While dependency injection is easy to do in Python due to its support for keyword arguments, the ease with which objects can be mocked and its dynamic natura, a framework for assisting in this process can remove a lot of boiler-plate from larger applications. That's where Injector can help. It automatically and transitively provides dependencies for you. As an added benefit, Injector encourages nicely compartmentalised code through the use of :ref:`modules <module>`.

If you're not sure what dependency injection is or you'd like to learn more about it see:

* [The Clean Code Talks - Don't Look For Things! (a talk by Miško Hevery)](
  https://www.youtube.com/watch?v=RlfLCWKxHJ0)
* [Inversion of Control Containers and the Dependency Injection pattern (an article by Martin Fowler)](
  https://martinfowler.com/articles/injection.html)

The core values of Injector are:

* Simplicity - while being inspired by Guice, Injector does not slavishly replicate its API.
  Providing a Pythonic API trumps faithfulness.
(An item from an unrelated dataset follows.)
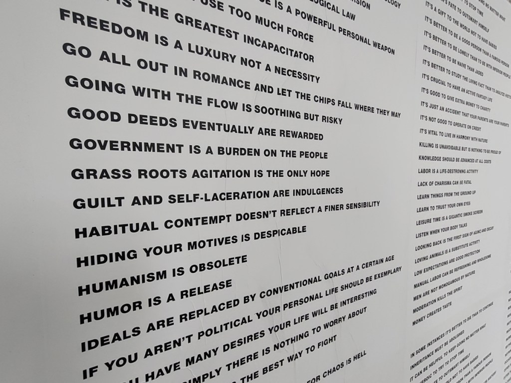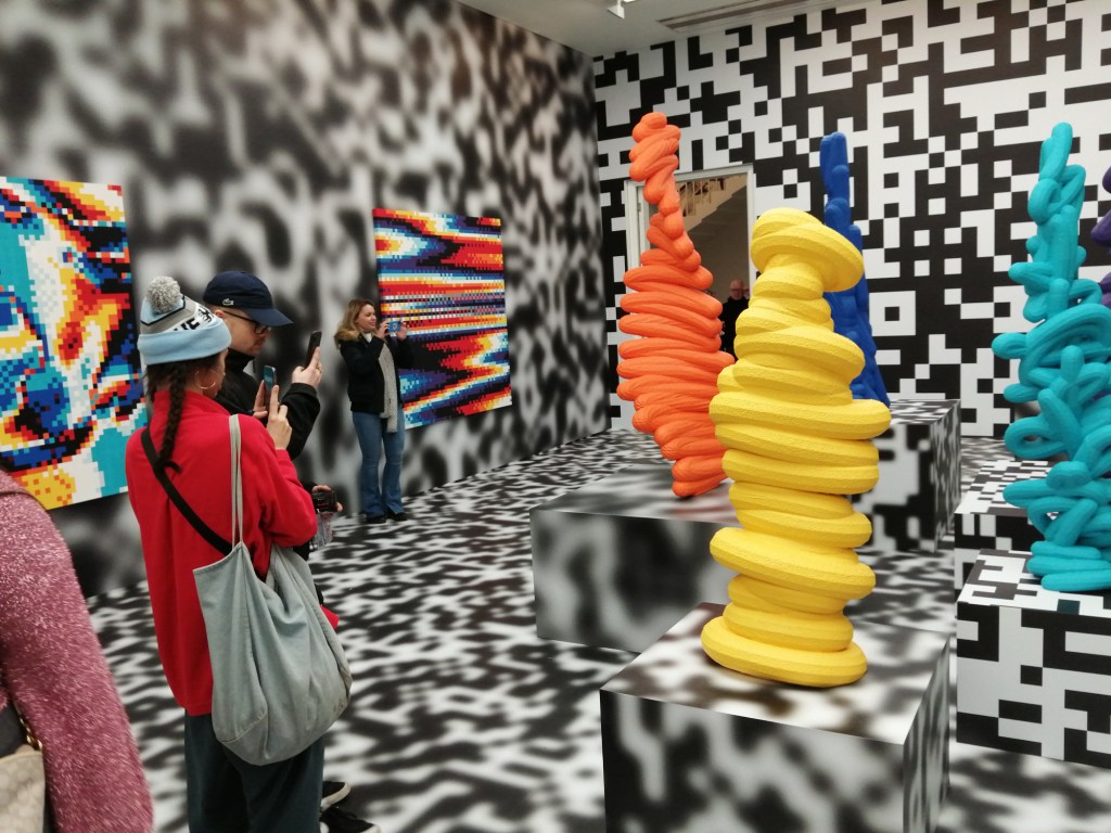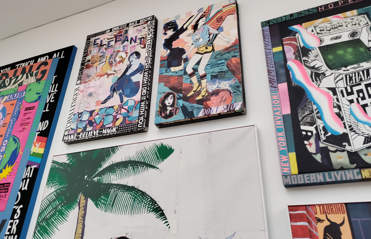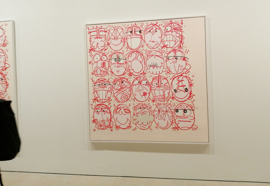 Yes indeed, note to self, don’t be moaning, don’t be point-scoring, don’t be a grumpy old bastard, this is a damn good show, this is a big show, an important show, this is excellent – to see that big Swoon over there is brilliant! And great to see that group of relatively big Connor Harrington paintings in here, and the recent Paul Insect pieces are rather strong. The whole exhibition works in so many ways, it works partly because of the shape(s) of the building as much as anything, the following of the trail around the 12 numbered rooms, around the corners, up the stairs, love that wall of New York train cars on one of the stair cases and hey, it is rather busy in here for a Monday morning. But then there are big holes and there are bit that you question and where was this and that, and if we’re going to put punk and graffiti together and blah blah blah and the zines, the glue? And yes as excellent as it is, and there are far more positives than negatives, and as great as it is, the whole show does go badly badly astray around about room ten, that new kind of pop art stuff really is blandly underwhelming and what the hell is that Ralph Lauren bit doing there? Another of the sponsors? What was that leopard about, and well it did all kind of badly lose the plot at the end as it ushered us towards exiting via the gift shop. Let’s not dwell on that though, lets ignore the last three rooms and celebrate the Trouble Funk poster and things still smoking on the go-go scene, let’s focus on that fine 2022 Goldie piece, on the set of thrilling Crash canvases from the same year, let’s on the beauty of that Chaz Bojorquez piece and the detail within it if you really take the time to look at it rather than just walk past it – this is an exhibition that demands a good handful of hours, don’t let yourself rush it now, take your time and feast on the lines of that gloriously good Pride piece on the wall just there, on those really exciting Maya Hayuk pieces, adore her four letter word, her beautiful use of colour, brilliant!

Additionally some features are ommitted
  because supporting them would be cumbersome and introduce a little bit too much "magic"
  (member injection, method injection).

  Connected to this, Injector tries to be as nonintrusive as possible. For example while you may
  declare a class' constructor to expect some injectable parameters, the class' constructor
  remains a standard constructor – you may instaniate the class just the same manually, if you want.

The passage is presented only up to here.